» **Entries supplied**:
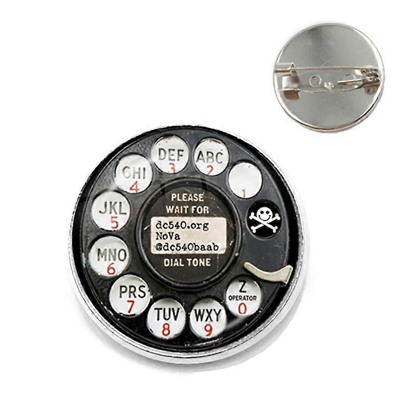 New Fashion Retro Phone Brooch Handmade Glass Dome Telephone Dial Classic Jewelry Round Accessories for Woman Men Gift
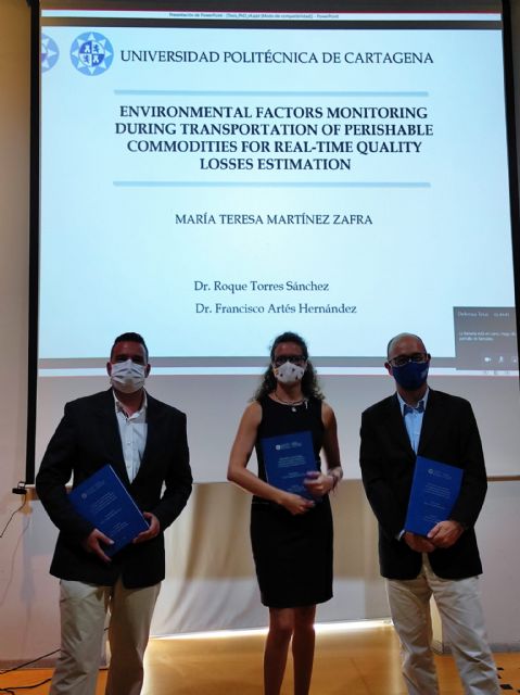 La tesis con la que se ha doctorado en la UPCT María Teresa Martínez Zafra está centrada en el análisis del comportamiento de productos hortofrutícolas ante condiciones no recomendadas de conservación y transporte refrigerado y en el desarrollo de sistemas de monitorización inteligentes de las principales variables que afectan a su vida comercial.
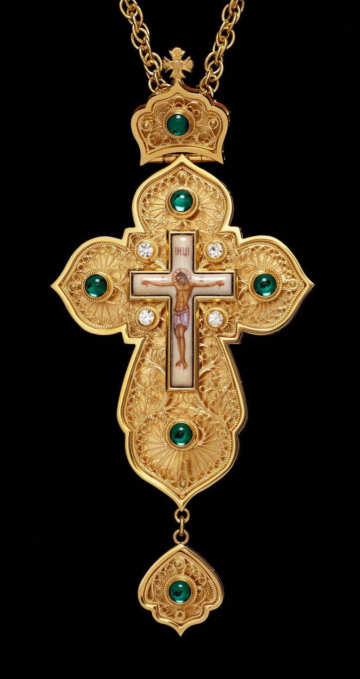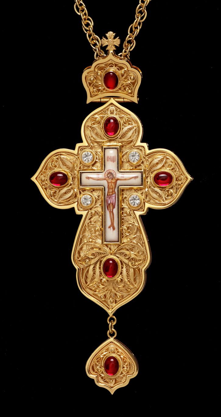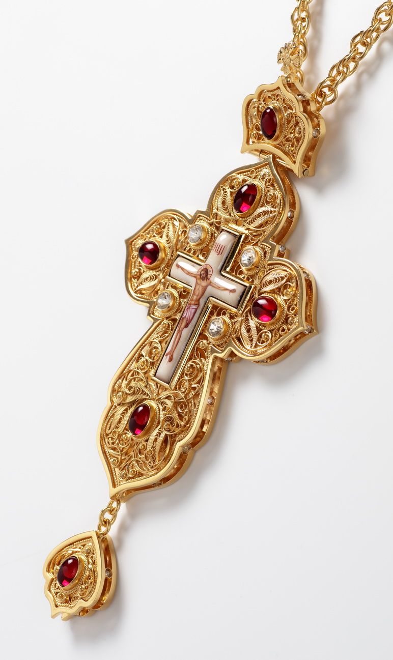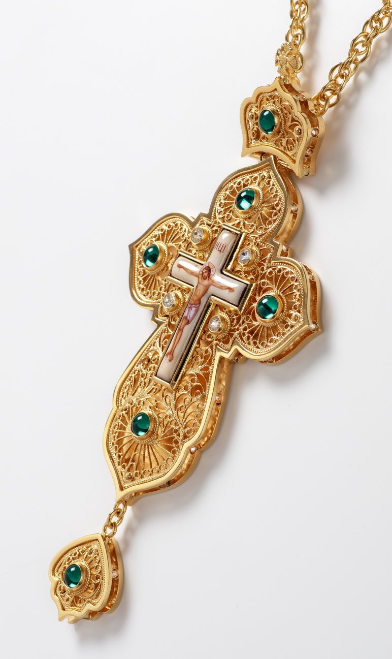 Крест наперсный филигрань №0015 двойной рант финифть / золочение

...

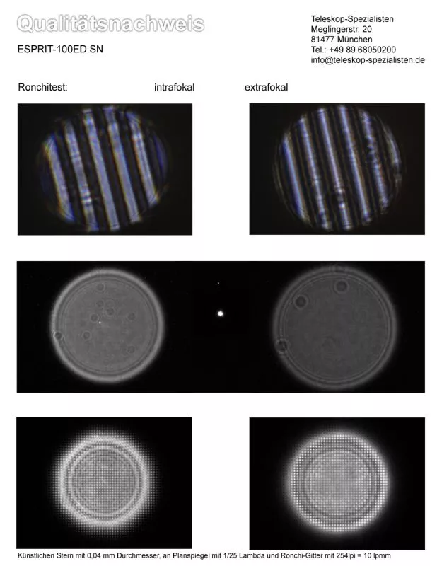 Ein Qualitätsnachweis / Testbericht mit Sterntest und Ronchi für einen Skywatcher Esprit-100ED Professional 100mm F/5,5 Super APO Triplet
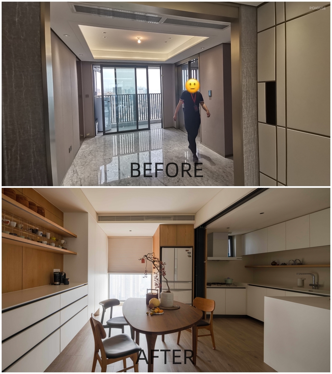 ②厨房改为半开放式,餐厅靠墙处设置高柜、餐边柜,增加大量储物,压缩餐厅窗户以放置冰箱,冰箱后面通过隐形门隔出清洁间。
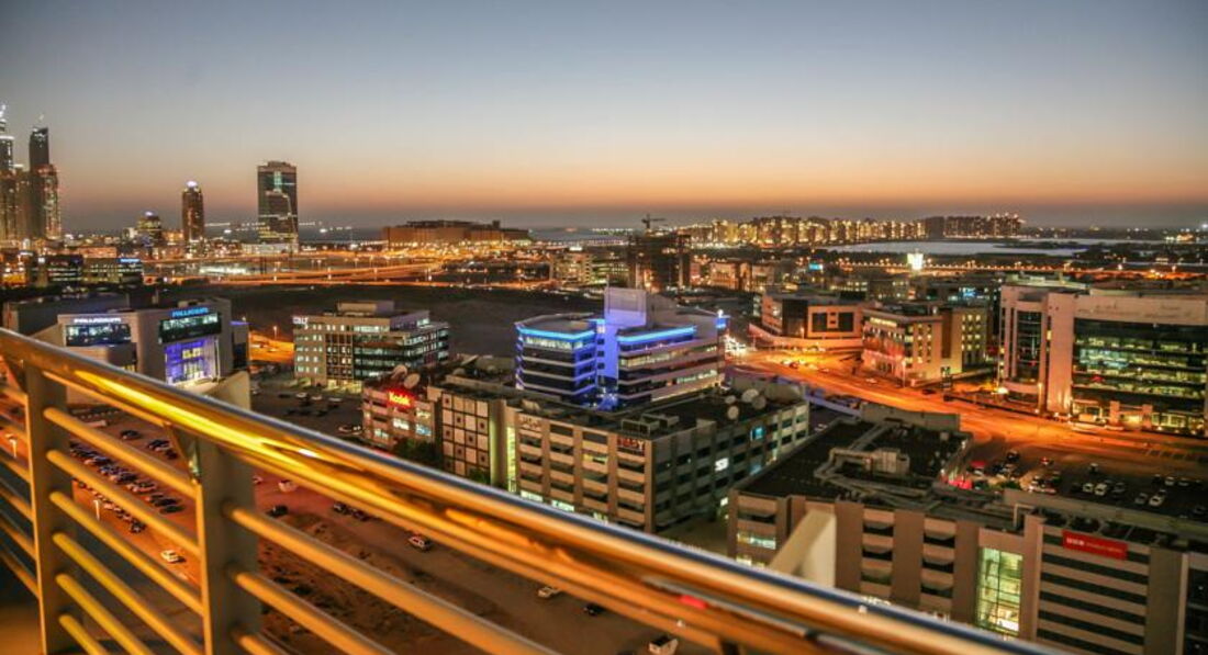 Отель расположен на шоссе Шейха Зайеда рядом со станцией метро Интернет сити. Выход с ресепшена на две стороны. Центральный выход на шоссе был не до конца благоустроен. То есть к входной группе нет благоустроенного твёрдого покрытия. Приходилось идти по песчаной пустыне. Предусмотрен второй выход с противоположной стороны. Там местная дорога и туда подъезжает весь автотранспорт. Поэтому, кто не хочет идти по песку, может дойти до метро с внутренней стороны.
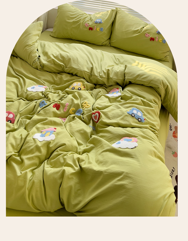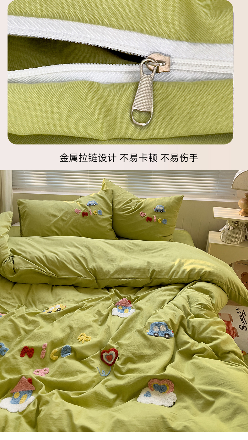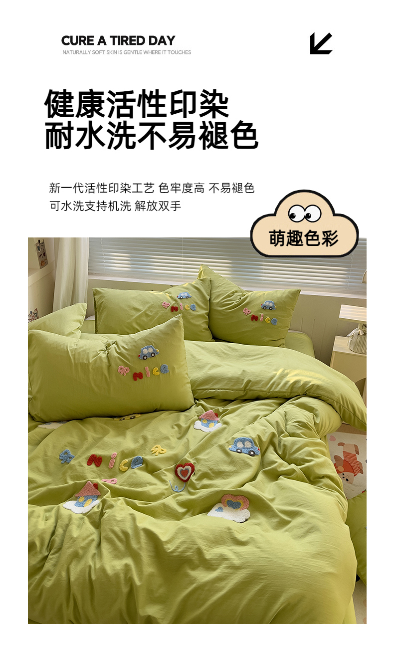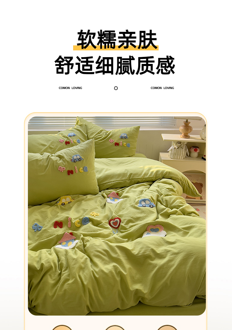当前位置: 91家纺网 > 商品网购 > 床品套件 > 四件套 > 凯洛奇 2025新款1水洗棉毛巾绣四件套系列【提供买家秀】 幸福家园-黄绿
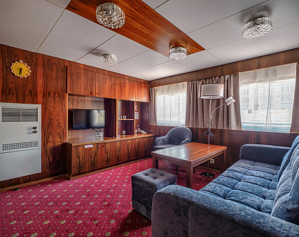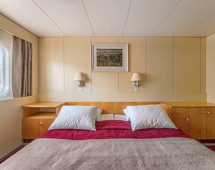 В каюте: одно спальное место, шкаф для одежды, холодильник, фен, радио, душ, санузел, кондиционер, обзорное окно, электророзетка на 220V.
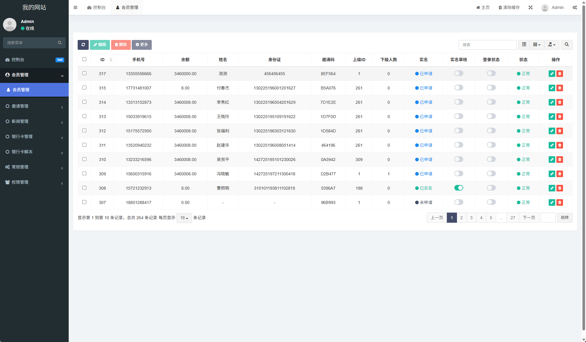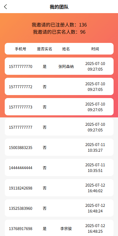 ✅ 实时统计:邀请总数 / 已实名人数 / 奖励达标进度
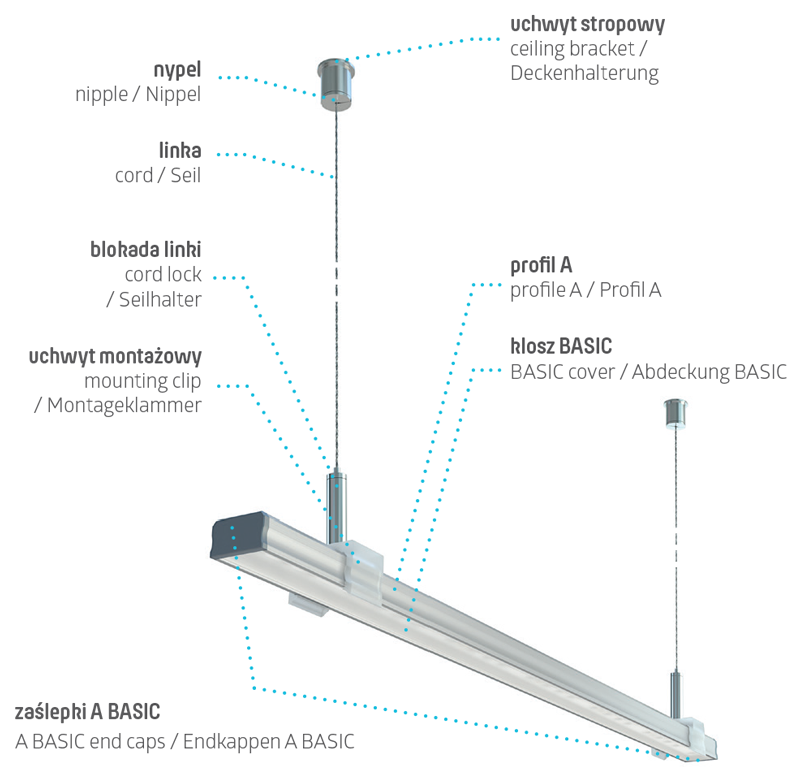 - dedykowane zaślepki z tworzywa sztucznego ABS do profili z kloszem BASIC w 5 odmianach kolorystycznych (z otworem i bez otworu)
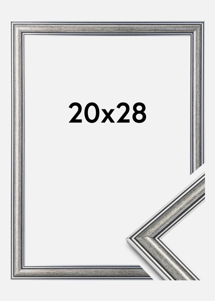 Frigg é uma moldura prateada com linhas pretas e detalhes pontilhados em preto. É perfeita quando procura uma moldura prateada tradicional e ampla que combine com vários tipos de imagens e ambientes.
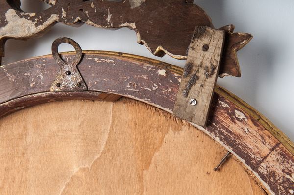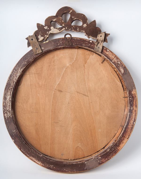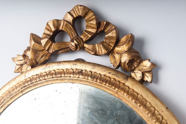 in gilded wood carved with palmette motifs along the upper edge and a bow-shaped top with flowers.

» **Goal of the exercise**: Only the lines of the listing above from the one with "Отель расположен на" through the one with "in gilded wood" should be output, exactly, with both ends kept and pictures left out.

» **Response below**:
 Отель расположен на шоссе Шейха Зайеда рядом со станцией метро Интернет сити. Выход с ресепшена на две стороны. Центральный выход на шоссе был не до конца благоустроен. То есть к входной группе нет благоустроенного твёрдого покрытия. Приходилось идти по песчаной пустыне. Предусмотрен второй выход с противоположной стороны. Там местная дорога и туда подъезжает весь автотранспорт. Поэтому, кто не хочет идти по песку, может дойти до метро с внутренней стороны.
当前位置: 91家纺网 > 商品网购 > 床品套件 > 四件套 > 凯洛奇 2025新款1水洗棉毛巾绣四件套系列【提供买家秀】 幸福家园-黄绿
 В каюте: одно спальное место, шкаф для одежды, холодильник, фен, радио, душ, санузел, кондиционер, обзорное окно, электророзетка на 220V.
 ✅ 实时统计:邀请总数 / 已实名人数 / 奖励达标进度
 - dedykowane zaślepki z tworzywa sztucznego ABS do profili z kloszem BASIC w 5 odmianach kolorystycznych (z otworem i bez otworu)
 Frigg é uma moldura prateada com linhas pretas e detalhes pontilhados em preto. É perfeita quando procura uma moldura prateada tradicional e ampla que combine com vários tipos de imagens e ambientes.
 in gilded wood carved with palmette motifs along the upper edge and a bow-shaped top with flowers.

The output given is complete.